The U.S. Food and Drug Administration (FDA) granted LENVIMA™ (lenvatinib) Breakthrough Therapy designation for use in patients with advanced or metastatic renal cell carcinoma (RCC) who were previously treated with a vascular endothelial growth factor (VEGF)-targeted therapy. RCC is the most common type of kidney cancer, and the prognosis for patients with advanced disease is poor, with a 5-year survival rate ranging from 5-10%. The FDA granted full FDA approval in 2016.
The FDA Breakthrough Therapy designation was established in 2012 to address unmet medical needs in the treatment of serious or life-threatening conditions. This designation is intended to expedite the development and review of promising drugs with preliminary clinical evidence that indicates the drug may demonstrate a substantial improvement over existing therapies.

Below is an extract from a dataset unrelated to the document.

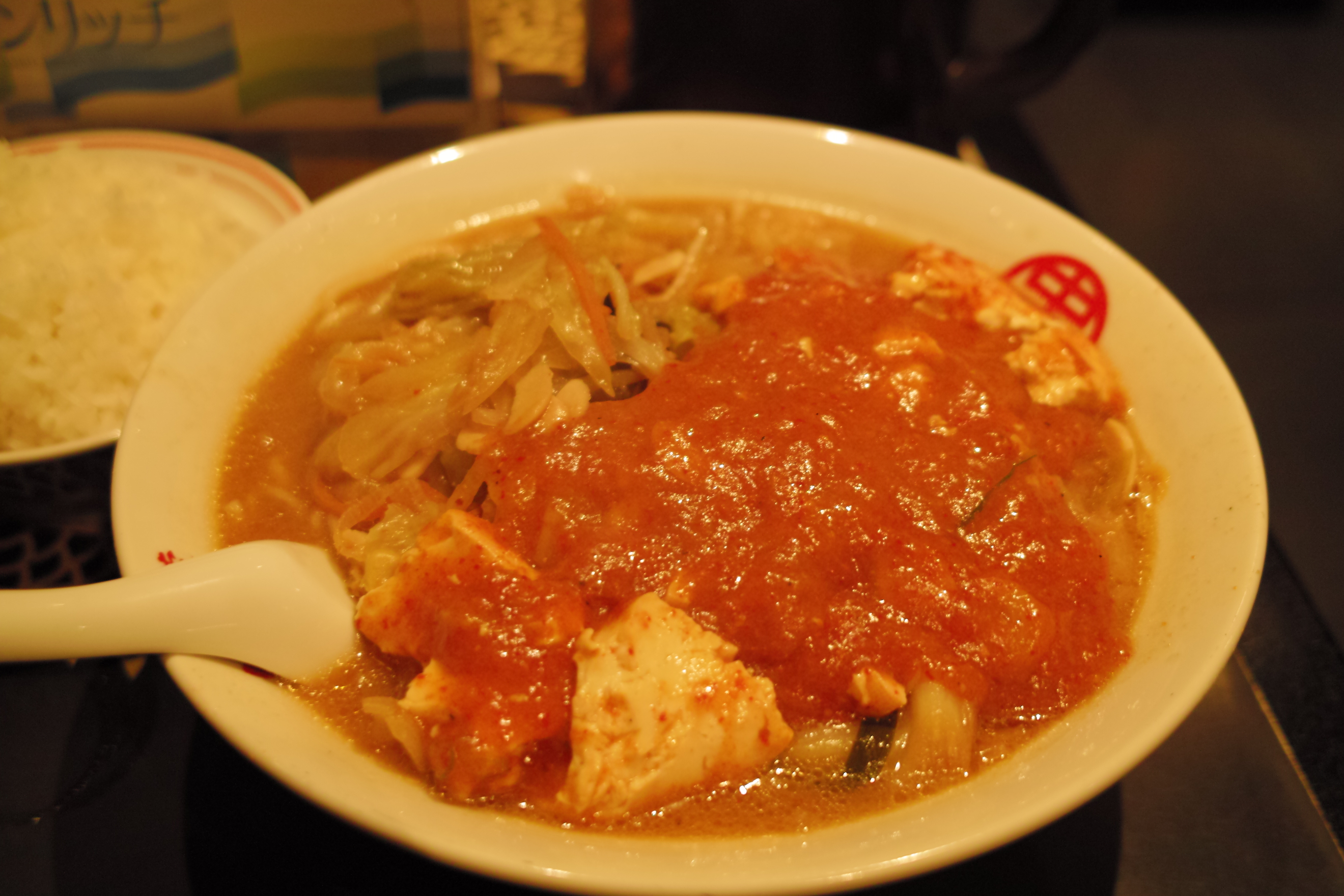 Moko Tanmen(蒙古タンメン) Jumbo

LENVIMA™, was designated as a Breakthrough Therapy based on results of a Phase 2 clinical study involving 153 patients who were previously treated with a VEGF-targeted therapy and subsequently treated with the combination of LENVIMA™, and Afinitor.

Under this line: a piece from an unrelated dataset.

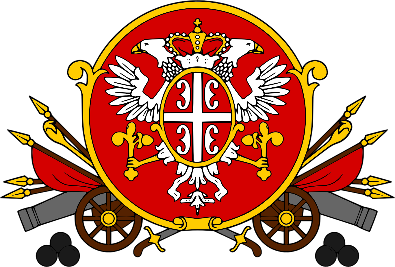 Coat of Arms of Jakov Nenadovic from his Tower in Valjevo.

About Renal Cell Carcinoma
Each year in the United States, more than 61,000 people are diagnosed with kidney cancer. The most common type of kidney cancer is renal cell carcinoma (RCC), which starts in the lining of very small tubes (tubules) in the kidney. For people with advanced RCC (cancer that has spread to other parts of the body), targeted therapies can play an important role in treatment. Approximately 20-30% of patients with RCC will have metastases at diagnosis and as many as 40% will demonstrate metastasis after primary surgical treatment for localized RCC. With a 5-year survival rate ranging from 5-10%, the prognosis for these patients is poor.
LENVIMA is currently approved for the treatment of patients with radioactive iodine-refractory thyroid cancer. LENVIMA is a receptor tyrosine kinase (RTK) inhibitor that inhibits the kinase activities of vascular endothelial growth factor (VEGF) receptors VEGFR1-3. LENVIMA™ also inhibits other RTKs that have been implicated in cancer progression in addition to their normal cellular functions, including fibroblast growth factor (FGF) receptors FGFR1-4; the platelet derived growth factor receptor alpha (PDGFR?), KIT, and RET.